━━━ DATA SECTION ━━━

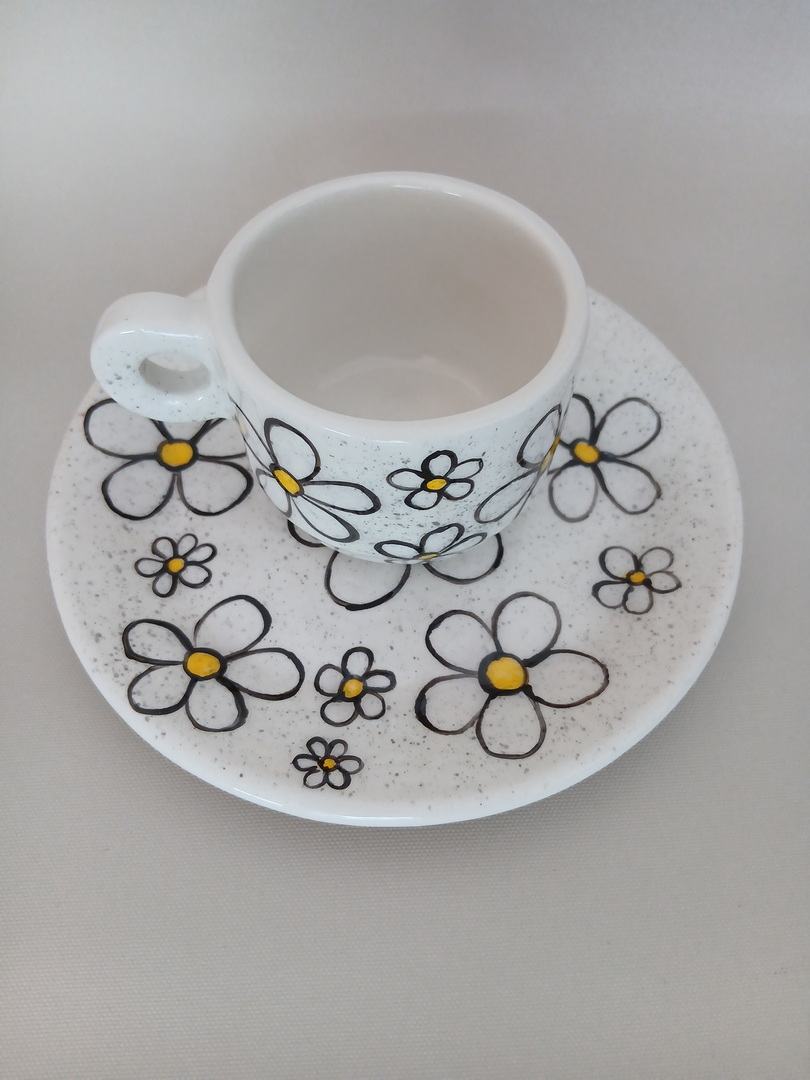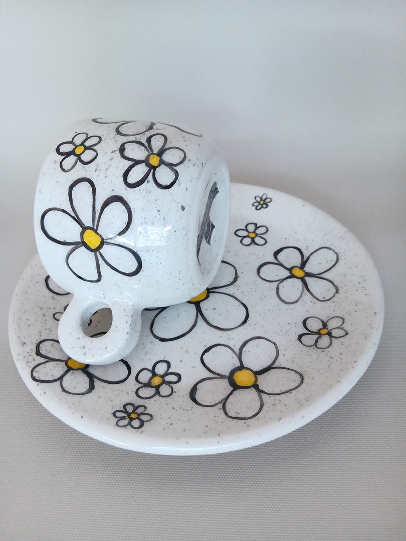 Κεραμική κούπα με πιάτο, λευκές μαργαρίτες
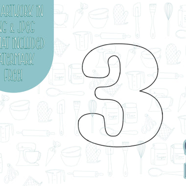 Number three Cookie cutter stl, png image file, 3D printing, instant download, Eddie edible ink printer, simple number cookie cutter stl
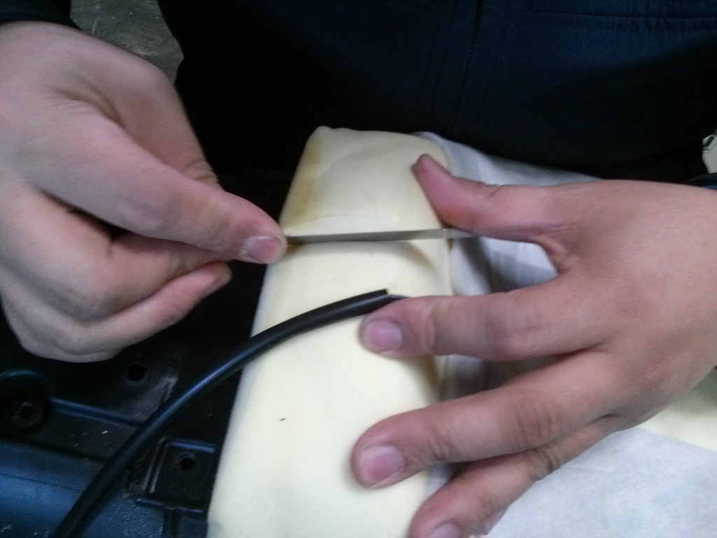 엉덩이 전선이 느껴지지 않도록 하기 위해 시트를 조금 파내어 전선을 넣습니다.

━━━

*WORK INSTRUCTIONS*
Repeat only the lines from the one with "Number three Cookie" through the end of the data, both included and exactly as written. Pictures stay out of the copy.

*YOUR SOLUTION*
 Number three Cookie cutter stl, png image file, 3D printing, instant download, Eddie edible ink printer, simple number cookie cutter stl
 엉덩이 전선이 느껴지지 않도록 하기 위해 시트를 조금 파내어 전선을 넣습니다.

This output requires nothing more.